I did a 30% water change yesterday, I will do another 50% today. Hopefully that will clear it up. Thank you for your help.


----------



## holly12 (Apr 21, 2011)

If the spike is because you are nearing the end of the cycle, then yes a large partial water change should fix the Nitrates.

If it's not because of that, check for any dead fish (unless you are doing a fishless cycle.)

Live plants (and lots of 'em) help with water quality as well. They consume ammonia and nitrates as food.


----------



## Robin Roy (Jun 28, 2012)

Look good


----------



## zero (Mar 27, 2012)

also seachem stability can help with a nitrate spike.


----------



## beaslbob (May 29, 2009)

Simplestmind said:


> My nitrate and spiked for some reason all the way up to 60! I did a water change, is there anything else I can do? What would cause this to happen?
> 
> 
> ammonia 0, nitrite 2, nitrate 60
> ...


60ppm in an aqaurium that is cycled and has limited nitrate consumers is normal and infact expected. Even with water changes.

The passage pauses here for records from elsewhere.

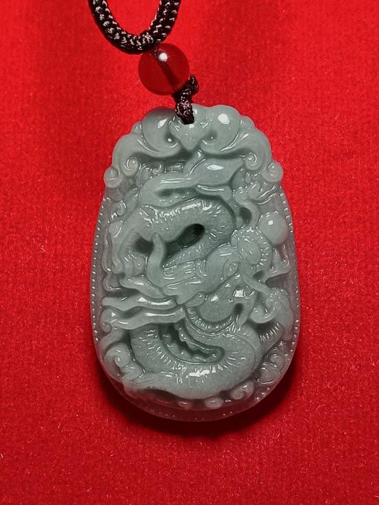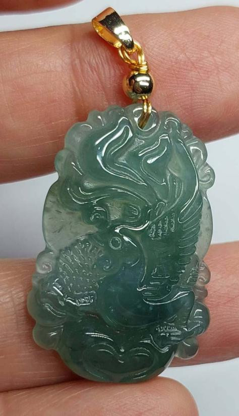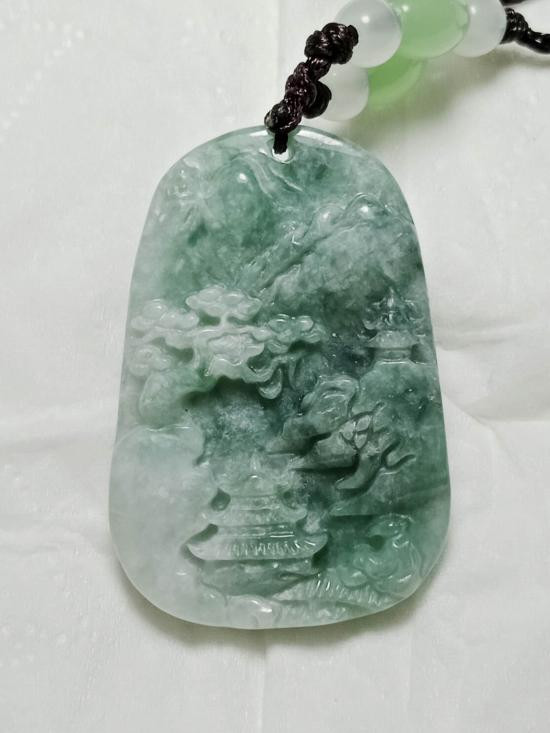 จี้หยกเขียวธรรมชาติแกะสลักด้วยมือ หลิงกวน |
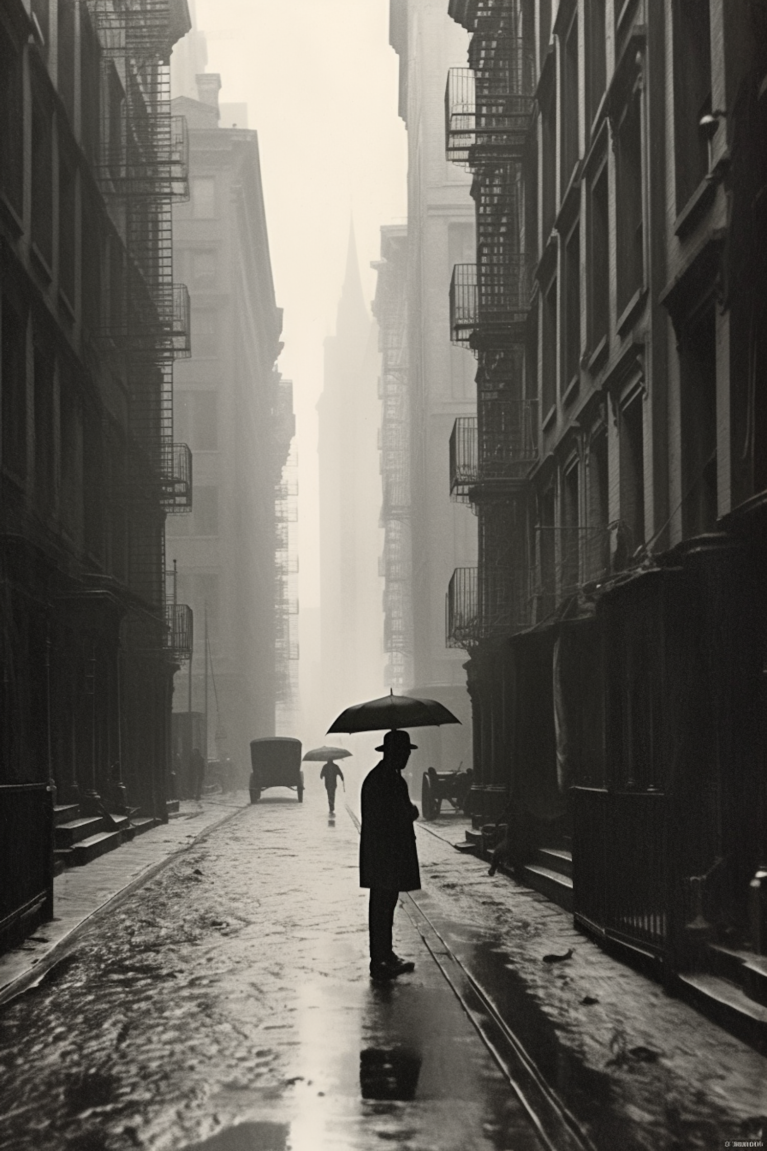 Vintage black and white city street scene with silhouettes, umbrellas, and misty skyline. Reflective wet pavement adds a dramatic touch.
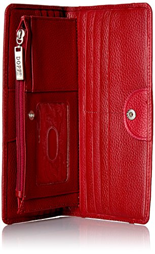 Naturally milled cowhide with genuine leather interior roma double sided wallet features dopp® signature zipper pulls, double sided snap closure with zip pocket, exterior slip pocket, 2 interior slip pockets, 16 credit card slots, 2 i.D. Windows and 2 utility slip pockets.
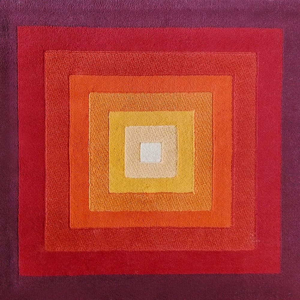 Optik und Stil Er besteht aus sechs großen, quadratischen Modulen, die in zwei Dreierreihen angeordnet sind. Innerhalb jedes Moduls erzeugt eine Reihe konzentrischer Quadrate in warmen, leuchtenden Farben – von tiefem Purpur und Pflaume an den Rändern bis hin zu leuchtendem Orange und einem blassen, fast weiß-gelben Farbton in der Mitte – eine starke optische Täuschung von Tiefe und zurückweichendem Raum.

To me the best method of lowering nitrates in a cycled aquarium or preventing ammonia spikes in a cycling aquarium is to simply increase the nitrate and ammonia consumers which I use live plants for.

but that's just me and my

.02


----------



## jrman83 (Jul 9, 2010)

With regular (weekly) water changes of at least 30-40% 60ppm is not normal or expected. Readings can tend to get higher at times possibly, but this is more of user action (overfeeding) vs in-action (no water changes). Very easy to jack up nitrate levels with even slight overfeeding. Bottom line is no matter what % you change every week it needs to be enough to reset the water completely, not just partially with something like a 10% change. This needs to occur whether you have plants or not.


----------